---- Supplied records

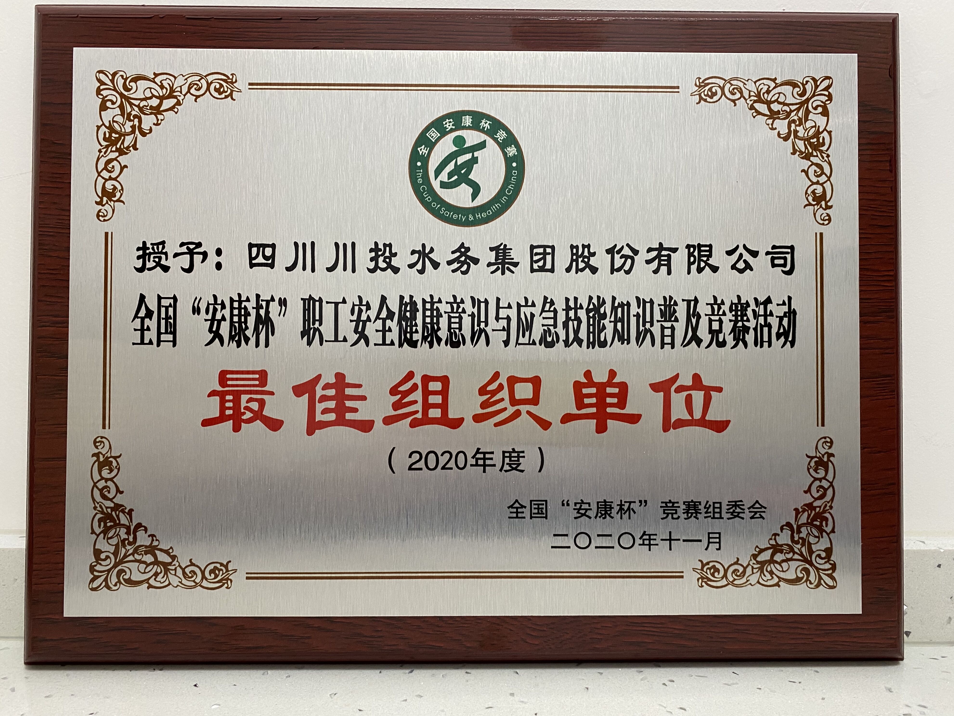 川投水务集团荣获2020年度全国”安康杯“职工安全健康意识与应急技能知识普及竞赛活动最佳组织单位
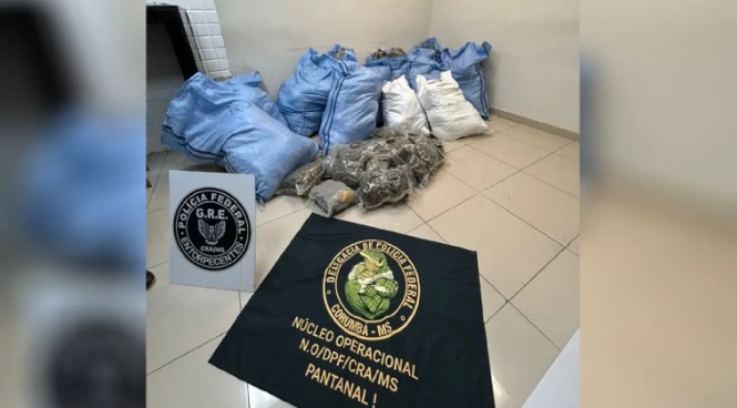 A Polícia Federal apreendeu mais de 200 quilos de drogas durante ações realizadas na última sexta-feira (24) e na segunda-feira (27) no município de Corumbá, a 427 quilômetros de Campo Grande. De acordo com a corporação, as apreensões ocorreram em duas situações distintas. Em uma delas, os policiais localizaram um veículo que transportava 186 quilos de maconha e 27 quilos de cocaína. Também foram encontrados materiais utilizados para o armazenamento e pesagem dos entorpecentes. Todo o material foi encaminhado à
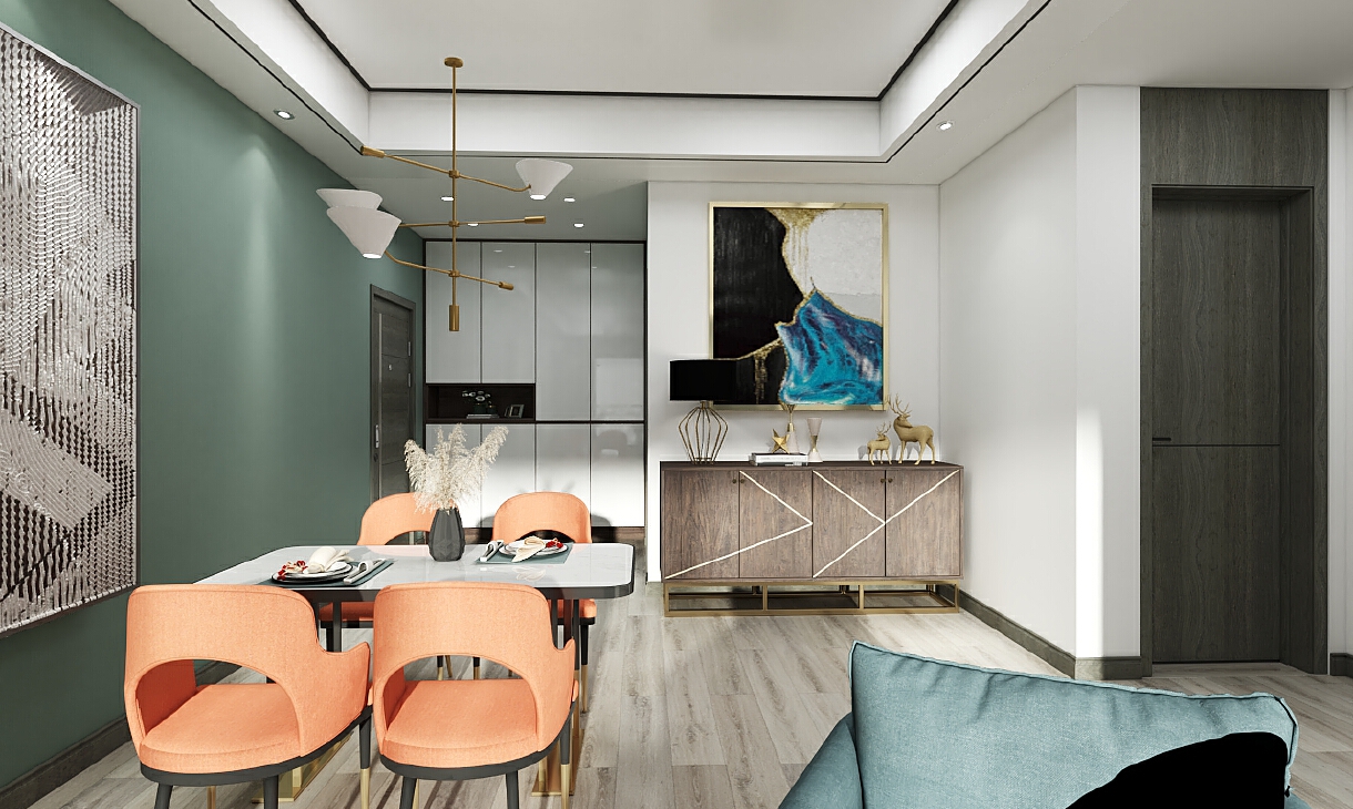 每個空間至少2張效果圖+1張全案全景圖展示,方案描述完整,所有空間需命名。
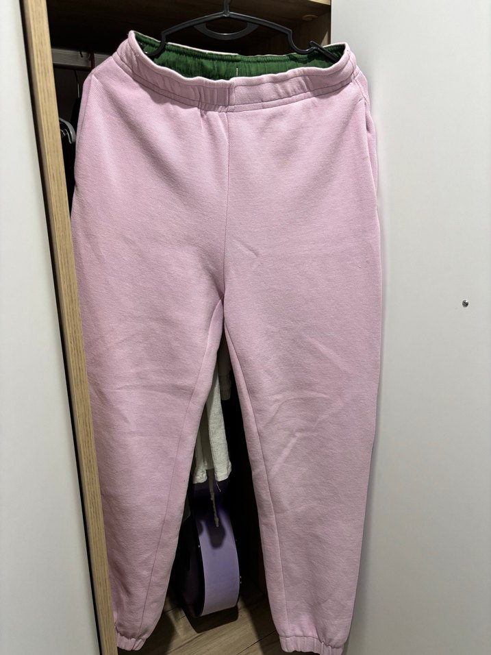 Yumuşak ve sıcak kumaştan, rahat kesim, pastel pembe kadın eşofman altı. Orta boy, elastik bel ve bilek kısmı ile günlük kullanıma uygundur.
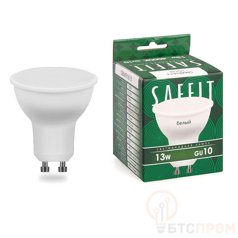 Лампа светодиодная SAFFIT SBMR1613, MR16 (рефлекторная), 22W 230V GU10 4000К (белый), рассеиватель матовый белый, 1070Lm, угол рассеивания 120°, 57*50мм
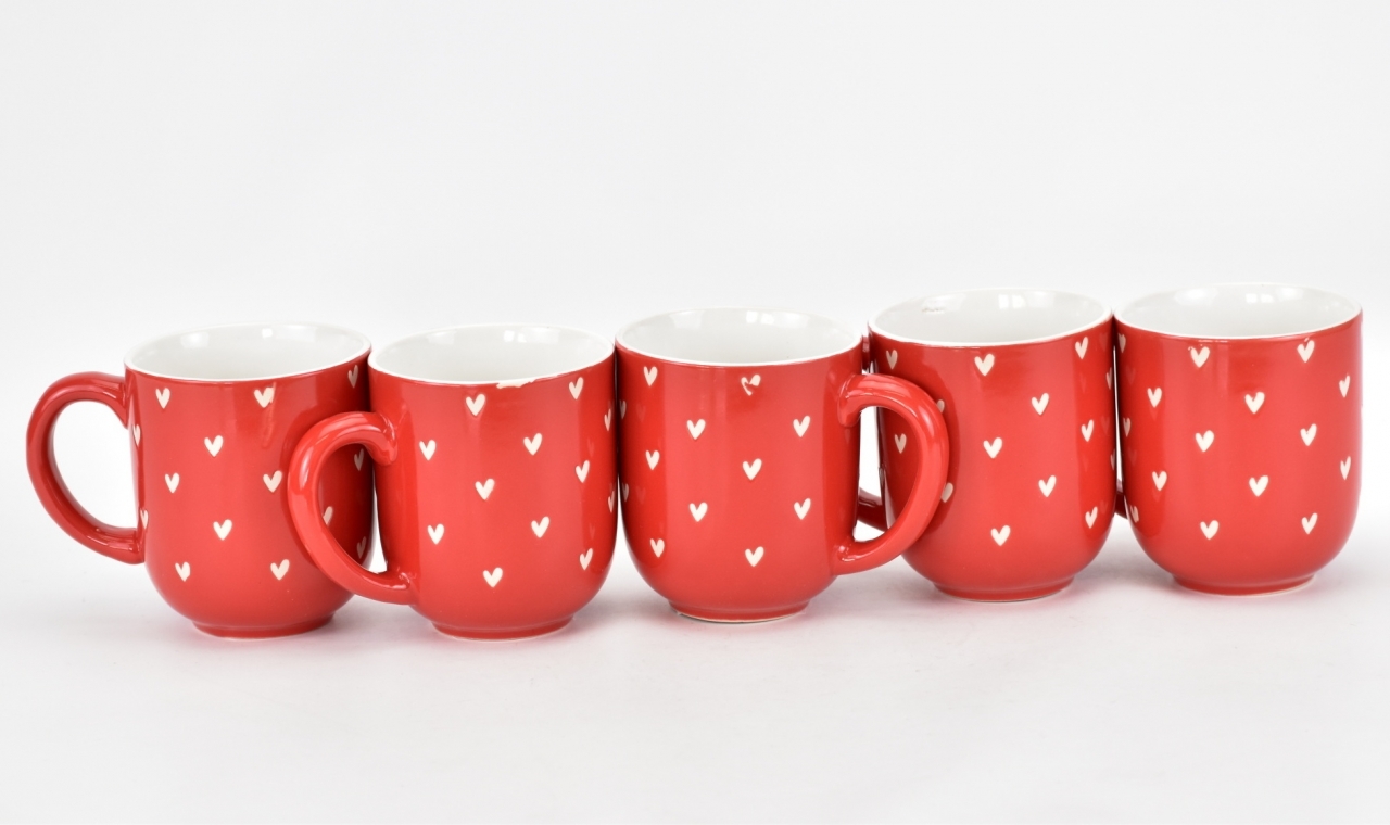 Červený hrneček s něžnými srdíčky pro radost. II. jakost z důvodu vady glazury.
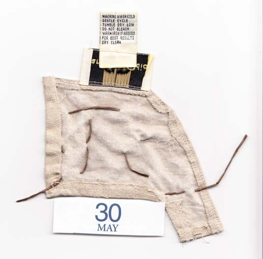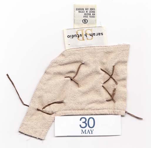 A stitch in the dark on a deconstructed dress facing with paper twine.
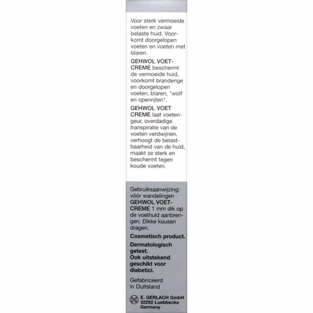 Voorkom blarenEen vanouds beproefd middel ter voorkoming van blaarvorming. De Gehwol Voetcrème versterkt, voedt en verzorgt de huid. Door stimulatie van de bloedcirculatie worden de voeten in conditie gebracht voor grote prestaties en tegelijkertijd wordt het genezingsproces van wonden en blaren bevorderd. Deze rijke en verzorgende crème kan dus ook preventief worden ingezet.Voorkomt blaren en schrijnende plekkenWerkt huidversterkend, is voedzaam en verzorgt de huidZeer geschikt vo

--------

Return the material from the line containing "A Polícia Federal" through the line containing "Červený hrneček s", exactly and in full, but without its pictures.

 A Polícia Federal apreendeu mais de 200 quilos de drogas durante ações realizadas na última sexta-feira (24) e na segunda-feira (27) no município de Corumbá, a 427 quilômetros de Campo Grande. De acordo com a corporação, as apreensões ocorreram em duas situações distintas. Em uma delas, os policiais localizaram um veículo que transportava 186 quilos de maconha e 27 quilos de cocaína. Também foram encontrados materiais utilizados para o armazenamento e pesagem dos entorpecentes. Todo o material foi encaminhado à
 每個空間至少2張效果圖+1張全案全景圖展示,方案描述完整,所有空間需命名。
 Yumuşak ve sıcak kumaştan, rahat kesim, pastel pembe kadın eşofman altı. Orta boy, elastik bel ve bilek kısmı ile günlük kullanıma uygundur.
 Лампа светодиодная SAFFIT SBMR1613, MR16 (рефлекторная), 22W 230V GU10 4000К (белый), рассеиватель матовый белый, 1070Lm, угол рассеивания 120°, 57*50мм
 Červený hrneček s něžnými srdíčky pro radost. II. jakost z důvodu vady glazury.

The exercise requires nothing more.